Así cuando se requiere, se aumenta la cantidad de sangre que fluye en determinada parte del cerebro para que funcione óptimamente, y gracias a la función de los vasos sanguíneos esa región cerebral recibe la energía necesaria. De ahí que sea importante hacer todo lo posible por mantener una buena circulación cerebral.

Se trata de hábitos diarios que construyen un estilo de vida saludable, que tal y como indica el sitio web especializado Mejor Con Salud, “protege la salud cerebral y ayuda a prevenir enfermedades asociadas a una mala circulación”. Y no solo esto, aportan otros importantes beneficios al mantener el organismo activo y bombeando energía.

De acuerdo a una investigación de la American Association of Neurological Surgeons, el cerebro depende de las arterias carótidas y las vertebrales para su suministro de sangre, por lo que es importante que estas arterias estén sanas.
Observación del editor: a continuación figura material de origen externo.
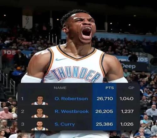 值得一提的是,目前威少NBA生涯總得分為26205分,暫時位列聯(lián)盟史上第20名,高居控衛(wèi)位置第二名,僅落后頭名的奧斯卡-羅伯特森(26710)505分。

Esto porque, con frecuencia, ocurren accidentes cerebrovasculares isquémicos, pues las carótidas están bloqueadas con acumulación de grasa. O cuando una arteria sobre la superficie del cerebro se ha roto o tiene fugas, causa sangrado y daño en el cerebro, lo que es conocido como accidente cerebrovascular hemorrágico.

Por lo anterior es de gran importancia que el flujo sanguíneo y el oxígeno necesario lleguen al cerebro. Sin oxígeno y nutrientes, las células cerebrales afectadas se dañan o mueren, y si mueren no pueden regenerarse y lo que puede causar daños devastadores tales como discapacidades físicas, cognitivas y mentales.

Consejos para entrenar el cerebro y prevenir el deterioro cognitivo

Algunos factores de riesgo frente a esto son los malos hábitos como el tabaquismo y el sedentarismo. A los que también se relacionan dificultades de la salud como la presión arterial alta, diabetes, enfermedades arteriales, colesterol alto y otros trastornos del organismo.

Por lo tanto, evite fumar, pues altera el aumento del flujo sanguíneo cerebral y porque además puede incidir en la progresión de la enfermedad de Alzhéimer.

El sobrepeso y la obesidad también pueden ser un factor de riesgo, pues un índice de masa corporal alto está asociado a la reducción del flujo sanguíneo cerebral y un mayor riesgo de accidente cerebrovascular.

En ese mismo orden de ideas se debe mantener a raya también el estrés, porque puede afectar la función vascular cerebral y aumentar el riesgo frente a otros padecimientos. Por esto es importante adquirir hábitos saludables como los que sugieren los expertos.

Para empezar se recomienda practicar ejercicios aeróbicos, que quiere decir “con oxígeno”. Se trata de aquella actividad física que a través de movimientos rápidos y rítmicos hace que el corazón y pulmones hagan un esfuerzo adicional para aportar oxígeno a las células musculares y ayudar así al gasto calórico.

Una investigación publicada en Artery Research, señala que este tipo de entrenamiento aumenta la velocidad del flujo sanguíneo cerebral y puede mitigar la disminución de este que se da a causa del envejecimiento.

¿Cómo aumentar la serotonina en el cerebro de manera natural?

No se requiere de extensas rutinas para recibir los beneficios de la actividad aeróbica, basta con caminar diariamente durante media hora, o correr o montar en bicicleta durante 15 minutos. Si lo prefiere puede tomar clases de baile o aeróbicos, siempre hay una opción para cada gusto.

Existen también ciertos alimentos que benefician y estimulan el flujo sanguíneo cerebral, principalmente aquellos que aportan antioxidantes, hidratos de carbono, proteínas y omega 3. Así que debería incluir en su dieta huevos, frutas como arándanos, fresas y cítricos, y verduras como tomates, col rizada, brócoli, espinacas y espárragos, entre otros. Esto además de granos enteros como quinoa, arroz integral, avena. Para obtener los ácidos grasos esenciales, incluye salmón, sardina, aguacate, aceite de oliva y frutos secos.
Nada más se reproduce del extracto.